The manuscript presents a thorough review of the literature concerning HMO concentrations in breast milk and how they change throughout the course of lactation. Additionally, it includes a more limited review of the association of individual subsets of HMOs with predictors such as maternal diet and health and with outcomes such as infant intestinal microbiota. Overall, the manuscript is well-written and informative. My only significant concern is that the authors give only cursory mention to the role of commercial interests in existing scientific research regarding HMOs, and seem to imply that a preponderance of commercially-funded research on a topic is somehow beneficial. In fact, the preponderance of commercially-funded research regarding HMOs, especially with respect to supplementation of infant formula, has the potential to introduce significant bias to this area of science, and this should be identified clearly in any review of the topic. Other smaller concerns are listed below.

Major concern:

• As mentioned above, in page 2 lines 72-75, there is an implication that the preponderance of commercial funding is beneficial. The authors are to be commended for noting the preponderance of commercial funding in the manuscript. However, this should be accompanied by a discussion of the limitations introduced by a preponderance of commercial funding.

Minor comments:

• Lines 31-33 appear to be either a sentence fragment or with incorrect punctuation, so it is difficult to understand their meaning.
• Overall, my version of this manuscript contains the message “Error! Reference source not found” in multiple locations, often with an accompanying sentence fragment. I am therefore unable to understand some of the text and cannot comment on it.
• Table 3 is truncated in the version of the manuscript I received, so I am unable to comment on the left-hand columns which I cannot see.
• For Table 4, a justification should be given for including only data from secretor mothers or mothers with unknown secretory status (i.e., excluding mothers known to be nonsecretors), or alternatively data from nonsecretor mothers could be included.
• Some of the results in Table 4 overlap two or more rows (e.g. 3563 ±1920, 750 (0-1190), etc.) I am unsure whether this is intentional or erroneous. If erroneous, it should be corrected.
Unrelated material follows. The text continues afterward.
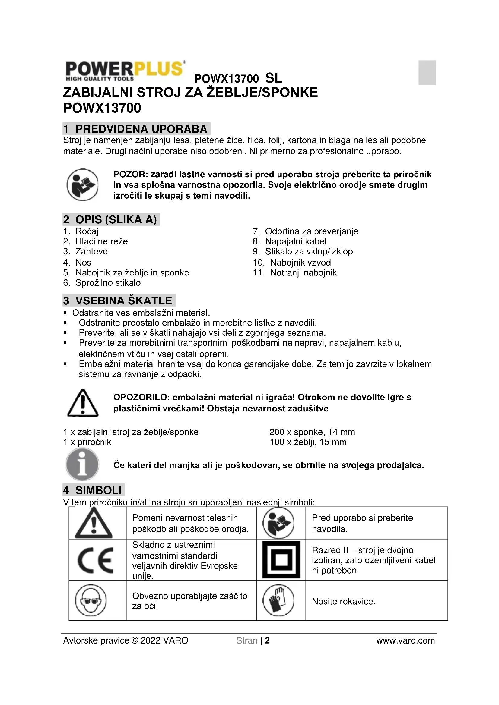 - Dokazilo o nakupu morate shraniti kot dokaz o datumu nakupa.POWX13700 SL Avtorske pravice © 2022 VARO Stran | 7 www.varo.com
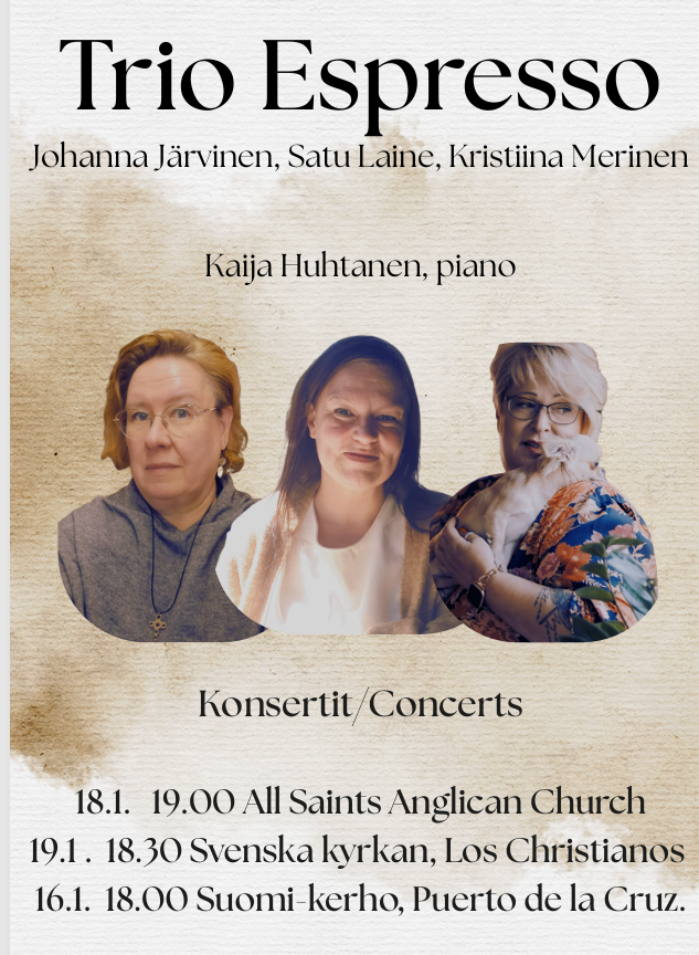 Trio Espresso esittää irlantilaisia ja suomalaisia kansanlauluja. Ohjelmistossa myös Anna-Mari Kähärän kappaleita.

If intentional, a footnote indicating the reason for it would be helpful.
• For Figure 2, it is unclear why the authors include only data previously compile by Thurl et al., which was published in 2017, and do not include subsequent data described in the review.

Author Response

Thank you for your time and comments.

Point-by-point comments attached.

Cheers

Caroline

Author Response File: Author Response.docx

Round 2

Reviewer 1 Report

see attachment

Comments for author File: Comments.pdf

Author Response

Thank you for your time to review this manuscript.